Front page | perl.perl5.porters |
Postings from January 2001
Re: [PATCH] lvalue hash and array elements
Thread Previous
|
Thread Next
From:
Stephen McCamant
Date:
January 3, 2001 23:31
Subject:
Re: [PATCH] lvalue hash and array elements
Message ID:
14932.3850.554107.156229@soda.csua.berkeley.edu
>>>>> "SC" == Simon Cozens <simon@cozens.net> writes:
SC> On Wed, Jan 03, 2001 at 03:15:14PM -0800, Stephen McCamant wrote:
SMcC> In a case like this, the important thing to think about is what
SMcC> decisions can be made at compile time (i.e. in op.c) rather than
SMcC> at run time (pp*.c). Your LVRET mixes up static compile time
SMcC> decisions (based on op_next and op_next->op_type) and dynamic
SMcC> runtime ones (the stuff with cxstack).
SC> I've thought long and hard about this, and spent quite a few days
SC> on it. You CANNOT tell at compile time whether an op (say, aelem)
SC> would be used as a return value. You really can't do it. Believe
SC> me. I have pictures of op trees papered all over my walls. There's
SC> nothing that distinguishes a return value op from something that
SC> can't be used as a return value. Try it.
[...]
SC> You *have* to do this at runtime. And at runtime, something is
SC> being used as a return value if i) its next op is "return" or ii)
SC> its next op is "leavesub" or (in the case we're interested in)
SC> "leavesublv". And that's exactly what I'm catching.

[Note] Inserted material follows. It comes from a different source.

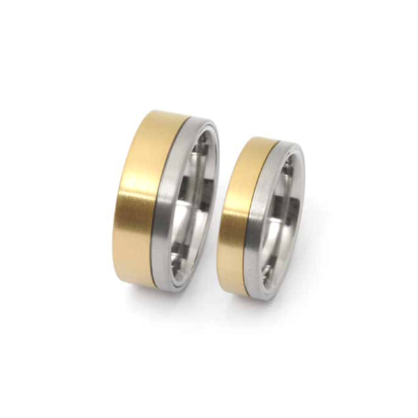 rings, 8 and 6 mm wide made of 18K yellow gold and titanium.

My basic point is that any test you might do on the OP tree, no matter
how complicated, is faster if you do it once at compile time than if
you do it at runtime. op_next doesn't change at runtime, and it look
into the future to see which OP will *really* be executed next; it's
just a pointer that's computed at compile time and often used to
decide what OP to go to next. You don't get any additional flexibility
by looking at it at runtime, you just repeatedly test something that
always gives the same answer. Right now, you're testing whether `at
runtime, op_next points to an OP_RETURN or an OP_LEAVESUBLV'. Since
op_next doesn't change at runtime, this is the same as testing whether
`after compiling, op_next points to an OP_RETURN or an OP_LEAVESUBLV'.

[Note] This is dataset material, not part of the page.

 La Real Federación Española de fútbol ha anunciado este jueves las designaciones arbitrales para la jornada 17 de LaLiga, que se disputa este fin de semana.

Since peep() is the last phase of the compile, you can do the check
there; to be most paranoid, I think you'd want to put a check in the
cases for OP_RETURN and OP_LEAVESUBLV that looked like:
if (oldop->op_type == OP_AELEM || oldop->op_type == OP_HELEM) {
oldop->op_private |= OPpMAYBE_LVALUE;
}
(this assumes you dealt with aelemfast separately). Then LVRET would
be `((PL_op->op_private & OPpMAYBE_LVALUE) && (cxstack ...))'. Or, it
might be a little faster to write the test is pp_aelem as:
U32 lval;
if (PL_op->op_flags & OPf_MOD) {
if (PL_op->op_private & OPpMAYBE_LVALUE)
lval = cxstack...;
else
lval = 1;
}
and turn on OPf_MOD too in peek(); then there would be no extra test
for the unambiguously-rvalue case, which is probably at least 50% of
the time.
SMcC> If I'm reading the grouping right, you might also have
SMcC> correctness problems -- it looks like you only do the runtime
SMcC> check before a OP_RETURN, and not before an OP_LEAVESUBLV but
SMcC> this means that every call to a sub with an lvalue attribute
SMcC> treats its last expression in an lvalue context, even if the sub
SMcC> isn't called in one, which could lead for instance to unintended
SMcC> hash vivifications.
SC> So you're saying the code should be:
SC> #define LVRET (PL_op->op_next
&& (PL_op->op_next->op_type == OP_LEAVESUBLV || \
SC> (PL_op->op_next->op_type == OP_RETURN) && ( \
SC> (&cxstack[cxstack_ix])->blk_sub.lval && \
SC> CvLVALUE((&cxstack[cxstack_ix])->blk_sub.cv))))
SC> ?
Mind if I abbreviate some?
NEXT = PL_op->op_next
LVSB = PL_op->op_next->op_type == OP_LEAVESUBLV
RET = PL_op->op_next->op_type == OP_RETURN
RUNT = ((&cxstack[cxstack_ix])->blk_sub.lval &&
CvLVALUE((&cxstack[cxstack_ix])->blk_sub.cv))
Your original version was
(NEXT && (LVSB || (RET && RUNT)))
Above, you have
(NEXT && (LVSB || (RET) && RUNT))
What I think you need to be testing for correctness is
((NEXT && (LVSB || RET)) && RUNT
SC> I think I could believe that.
SC> Could you provide an example of a test failure which that would
SC> fix?
I haven't actually compiled your code, but I was thinking of something
like
sub f :lvalue { $h{foo} };
print f(); # undef
print exists $h{foo} ? "not ok\n" : "ok\n";
SMcC> All that you can do at compile time is figure out which ops
SMcC> might be the return values of lvalue subs
SC> That is *all* you can do. And you can only tell which *might* be
SC> return values. And usually not even that. *Any* op might be the
SC> return value. Trying to figure it out at compile time *will not
SC> work*.
SMcC> , but you if only look at the context stack for them, the
SMcC> overhead for non-lvalue programs would be at most a single flag
SMcC> check (or zero, if you made separate pp functions).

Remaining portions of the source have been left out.